First, a controlling fact.  California’s much-reviled “three-strikes” law bears no resemblance to what you’ve read about it in the news.  How much no resemblance?  Lots of no resemblance:

  • Prosecutors and judges have discretion in applying the law.  Discretion means “not draconian.”  Discretions means that it isn’t really a “three-strikes” law but merely a recidivist statute that permits, but in no way requires, application of its sentencing guidelines.  Someone can have 20 strikes and the law still won’t necessarily be applied.  Someone can rape and molest dozens of women and children and still not get three strikes sentencing.  The reality of criminal prosecution is that, in virtually all cases, when people face multiple charges (barring a few such as murder) those charges are telescoped down to one or two, and the others offenses are simply not prosecuted.  The tiny number of people facing three-strikes sentencing are extremely flagrant offenders who have committed dozens or hundreds — not two-and-a-half — violent crimes.
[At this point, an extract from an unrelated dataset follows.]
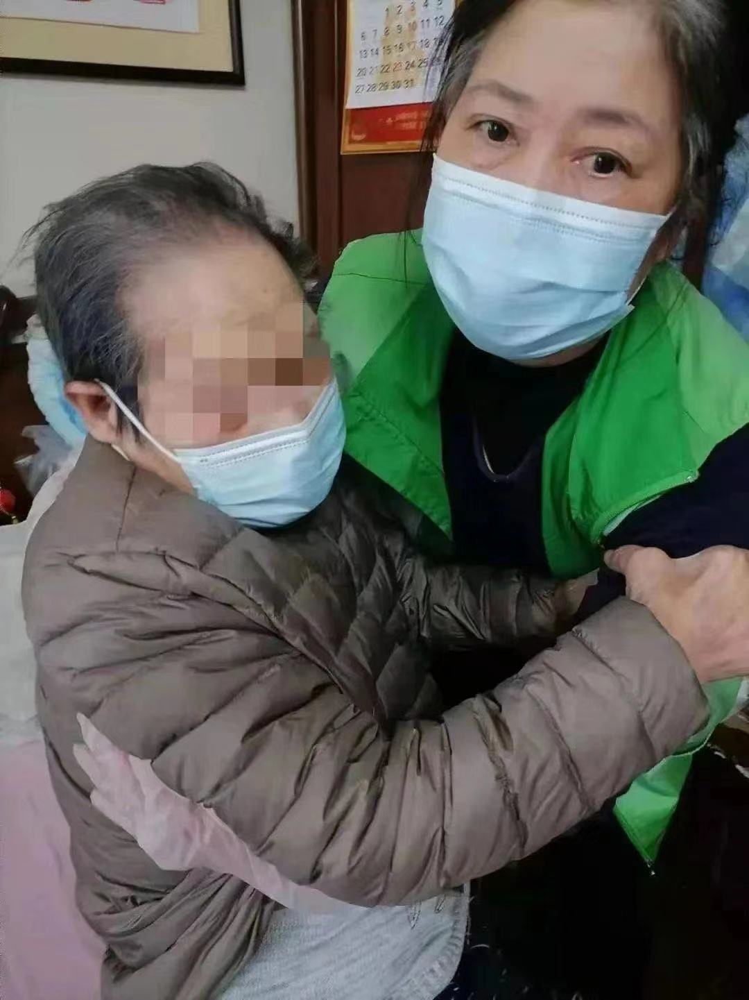 家住南京西路1955弄里的马奶奶已经88岁,子女久居外地。马奶奶因大病长期卧床,日常服务都由近90岁的老伴和护理员谭广美阿姨来维持。3月初,马奶奶的老伴不幸在家中摔倒骨折不能自理,家庭一下子陷入了困境,连日常生活也得不到保障。护理员谭广美化身老人的“子女”每日多次往返照料老人的起居和饮食,从早到晚要走好几次。4月1日全区封控,谭广美不放心2位老人,于是她放弃与家人同住,甚至没有时间为家里采购物品,主动和老人一起居家隔离,照顾老人日常起居饮食和护理工作。

  • There are no people serving life sentences “merely” for stealing Cheetos or a VCR tape.  Those are myths.
  • Prosecutors use this recidivist sentencing law so rarely that most apply it just a few times a year, and even then, it frequently doesn’t lead to 25-to-life.  But media reporting frequently stops at the original charge.
  • The lies the media tells about “three-strikes” are legion.  The word” strike” better describes the media’s flailing confabulations about recidivism sentencing than any aspect of sentencing itself.

There is a great website by Mike Reynolds, an expert on California’s three-strikes law and its application (application being 95% of the law, no matter what they tell you in school).  I urge you to read his site and support his efforts: ...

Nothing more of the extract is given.